WHAT IS NEEDED: When you retype the data, keep every word exactly and include none of the pictures.

[Dataset excerpts]
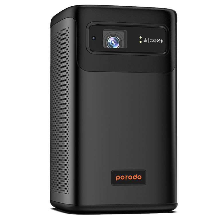 بروجكتور Porodo محمول بتقنية DLP مع النسخ اللاسلكي لنظامي iOS و Android، بطارية بسعة 8000mAh، وقت العمل من 2 إلى 3 ساعات، سطوع 180 ANSI، نسبة الشاشة 16:9، مكبرين صوت مدمجين - أسود
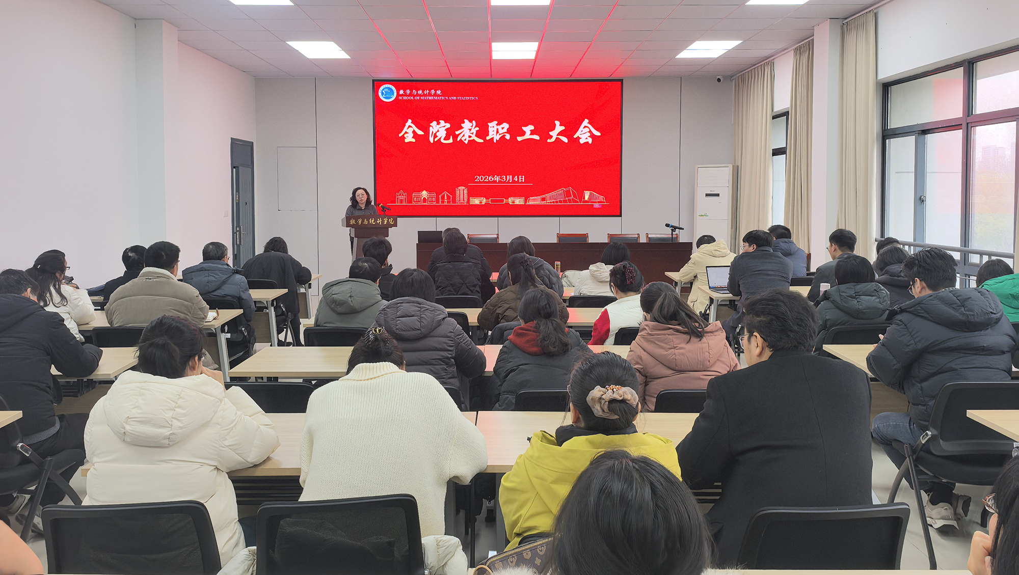 3月4日下午,数学与统计学院召开新学期全体教职工大会,传达学习校第五届教职工代表大会、第四届工会会员代表大会第二次会议精神,总结2025年工作,部署2026年重点任务。
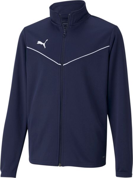 "A special highlight of the jacket is the V-fu00f6rmige piping in contrasting colors on the chest, which gives the jacket a dynamic look. The PUMA Cat logo as a thermal transfer print on the right chest rounds off the sporty design. The elasticated waistband ensures a perfect fit so that the jacket stays in place even during intensive training sessions. Made from 100% polyester, this jacket is not only lightweight, but also easy-care and durableu2013 perfect for everyday use during football training or other fitness activitiesu00e4ten."
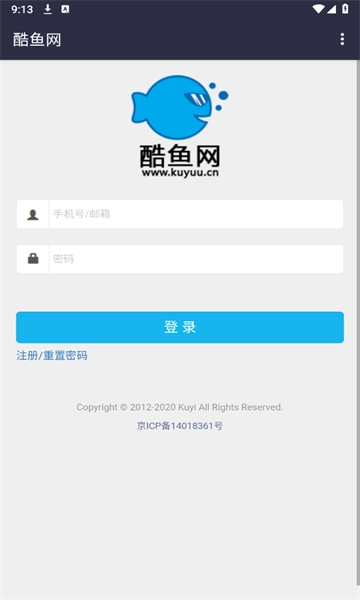 1、打开酷鱼网,若已有账号,可选择登录;若没有账号,则点击下方的注册按钮。
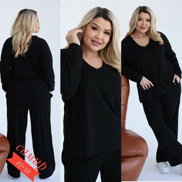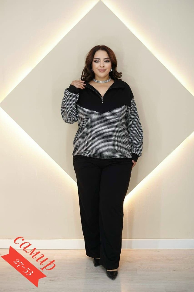 Разнообразный ассортимент женских футболок, блузок и костюмов больших и стандартных размеров.
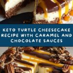 Once the cheesecake is fully chilled, drizzle the caramel sauce gently over the top. Follow with the chocolate sauce in decorative swirls to create a beautiful, irresistible pattern. Finish by sprinkling the toasted pecans on top to add that satisfying crunch and authentic turtle candy look. Now, you’re ready to dig into this heavenly Keto Turtle Cheesecake Recipe!
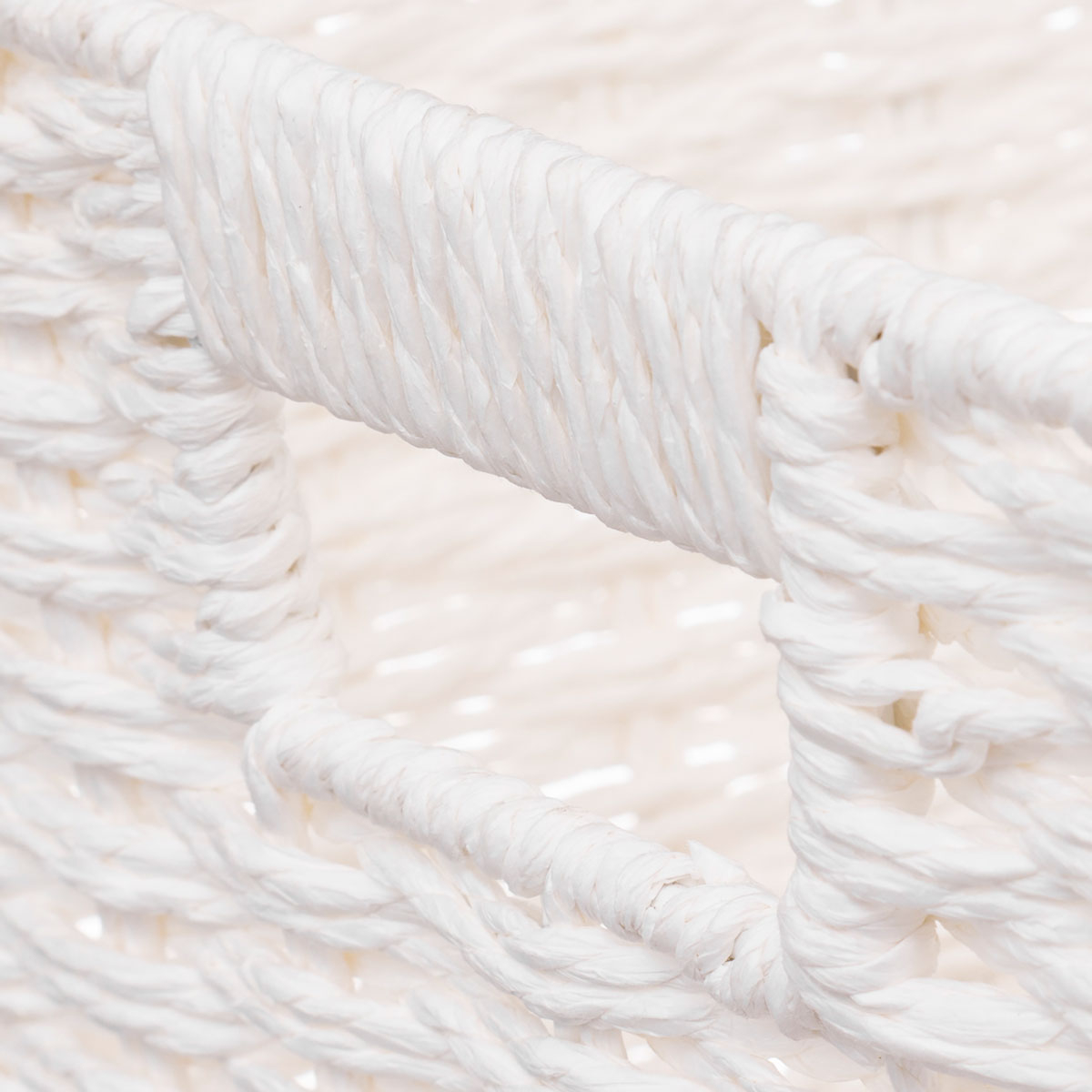 Καλάθι αποθήκευσης σε λευκό χρώμα. Διαθέτει χερούλια για εύκολη μεταφορά. Είναι κατασκευασμένο από χαρτί επεξεργασμένο σαν ψάθα, με μεταλλικό σκελετό. Μπορείτε να το χρησιμοποιήσετε σαν αποθηκευτικό χώρο σε ένα ράφι ή σε όποιο σημείο του σπιτιού επιθυμείτε.
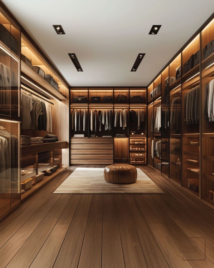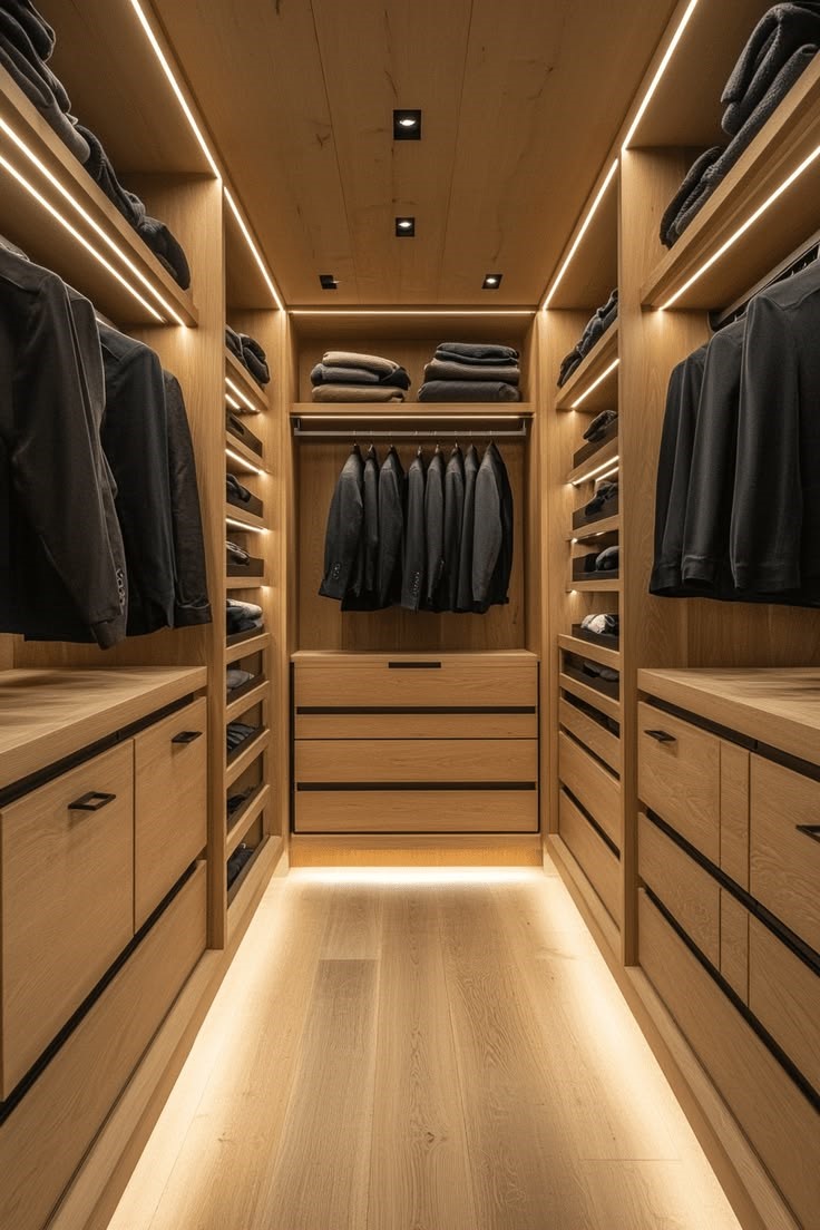 Lighting is fully integrated into the structure, with vertical LED channels and soft anti-glare diffusers that provide even illumination across all sections. Smart activation via motion sensors or magnetic triggers ensures convenience while enhancing the luxury feel.
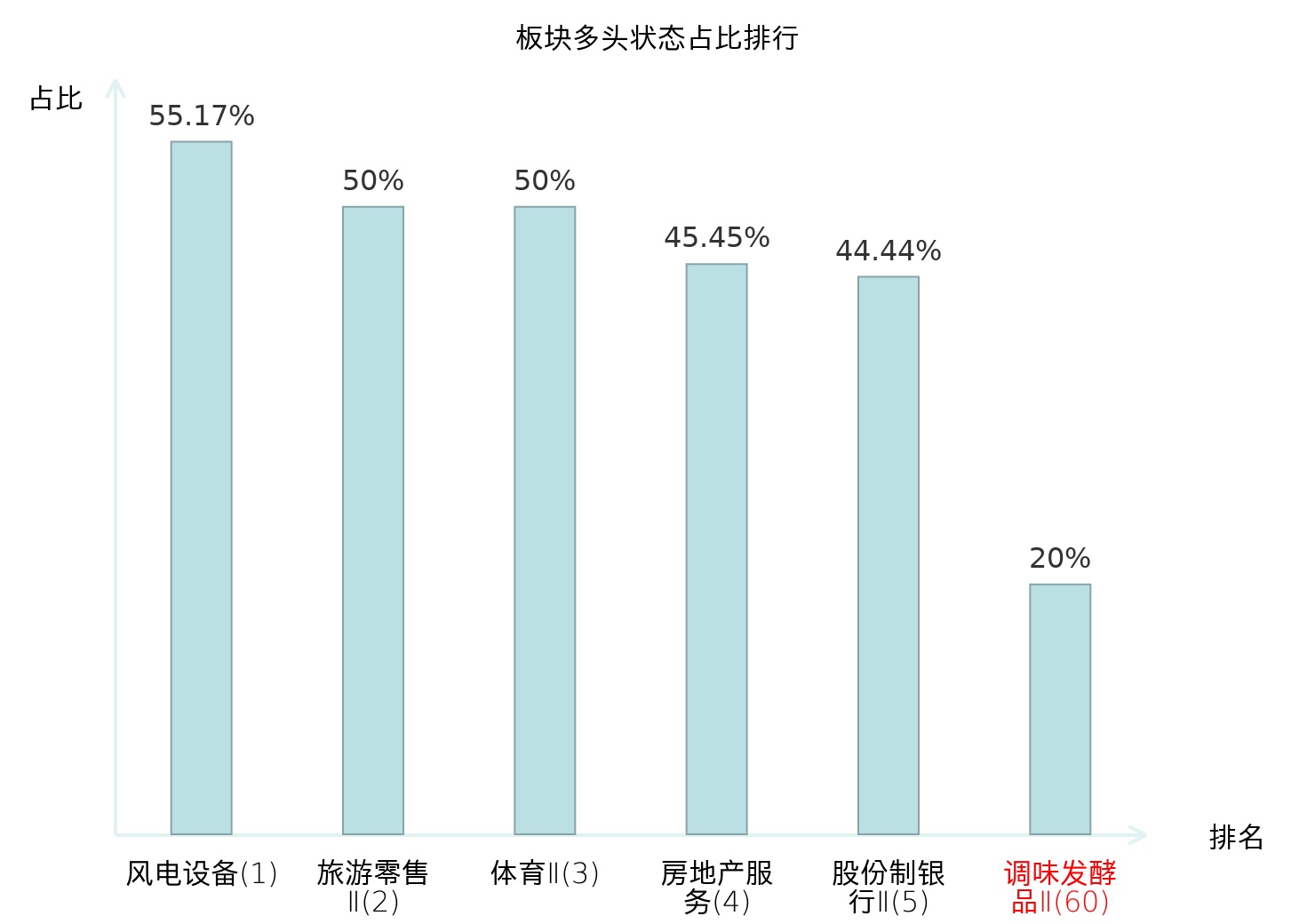全市场所有行业板块中主力多头状态占比排名中,风电设备板块位居第一。保险Ⅱ板块名次提升最快,较昨日上升64位。
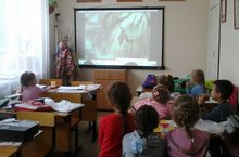 Благодаря тому, что в нашей школе появился проектор, детки могут наслаждаться просмотром произведений не выходя из класса.
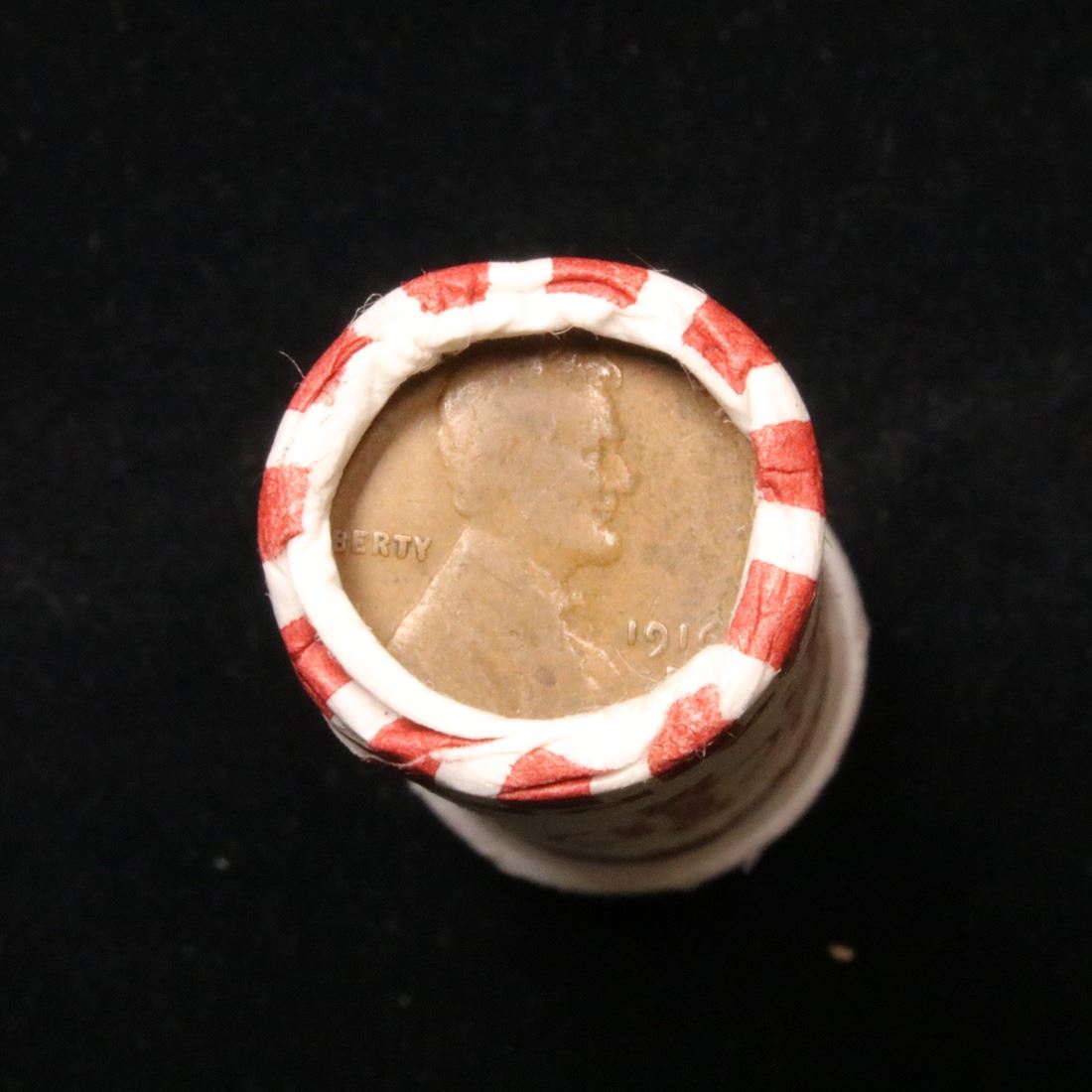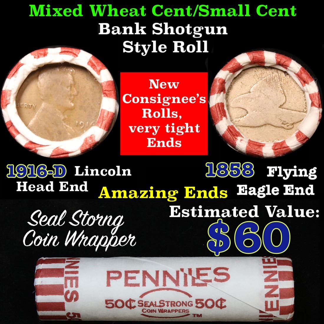 Mixed small cents 1c orig shotgun roll, 1916-d Wheat Cent, 1858 Flying Eagle Cent other end. The roll is held in an old Seal Strong wrapper. Actual roll pictured is the roll you will get. A great original bank shotgun roll with very tight ends. We have been getting excellent feedback on these rolls. Were being told that close to half the roll are teens, some with mintmarks, there are a few Indians in all the rolls, most of the rolls have steel cents. They seem to be PQ Wheaties rolls. These shotgun rolls are all from a new consignee. They are all frrom one Estate.

EXERCISE RESPONSE:
 بروجكتور Porodo محمول بتقنية DLP مع النسخ اللاسلكي لنظامي iOS و Android، بطارية بسعة 8000mAh، وقت العمل من 2 إلى 3 ساعات، سطوع 180 ANSI، نسبة الشاشة 16:9، مكبرين صوت مدمجين - أسود
 3月4日下午,数学与统计学院召开新学期全体教职工大会,传达学习校第五届教职工代表大会、第四届工会会员代表大会第二次会议精神,总结2025年工作,部署2026年重点任务。
 "A special highlight of the jacket is the V-fu00f6rmige piping in contrasting colors on the chest, which gives the jacket a dynamic look. The PUMA Cat logo as a thermal transfer print on the right chest rounds off the sporty design. The elasticated waistband ensures a perfect fit so that the jacket stays in place even during intensive training sessions. Made from 100% polyester, this jacket is not only lightweight, but also easy-care and durableu2013 perfect for everyday use during football training or other fitness activitiesu00e4ten."
 1、打开酷鱼网,若已有账号,可选择登录;若没有账号,则点击下方的注册按钮。
 Разнообразный ассортимент женских футболок, блузок и костюмов больших и стандартных размеров.
 Once the cheesecake is fully chilled, drizzle the caramel sauce gently over the top. Follow with the chocolate sauce in decorative swirls to create a beautiful, irresistible pattern. Finish by sprinkling the toasted pecans on top to add that satisfying crunch and authentic turtle candy look. Now, you’re ready to dig into this heavenly Keto Turtle Cheesecake Recipe!
 Καλάθι αποθήκευσης σε λευκό χρώμα. Διαθέτει χερούλια για εύκολη μεταφορά. Είναι κατασκευασμένο από χαρτί επεξεργασμένο σαν ψάθα, με μεταλλικό σκελετό. Μπορείτε να το χρησιμοποιήσετε σαν αποθηκευτικό χώρο σε ένα ράφι ή σε όποιο σημείο του σπιτιού επιθυμείτε.
 Lighting is fully integrated into the structure, with vertical LED channels and soft anti-glare diffusers that provide even illumination across all sections. Smart activation via motion sensors or magnetic triggers ensures convenience while enhancing the luxury feel.
全市场所有行业板块中主力多头状态占比排名中,风电设备板块位居第一。保险Ⅱ板块名次提升最快,较昨日上升64位。
 Благодаря тому, что в нашей школе появился проектор, детки могут наслаждаться просмотром произведений не выходя из класса.
 Mixed small cents 1c orig shotgun roll, 1916-d Wheat Cent, 1858 Flying Eagle Cent other end. The roll is held in an old Seal Strong wrapper. Actual roll pictured is the roll you will get. A great original bank shotgun roll with very tight ends. We have been getting excellent feedback on these rolls. Were being told that close to half the roll are teens, some with mintmarks, there are a few Indians in all the rolls, most of the rolls have steel cents. They seem to be PQ Wheaties rolls. These shotgun rolls are all from a new consignee. They are all frrom one Estate.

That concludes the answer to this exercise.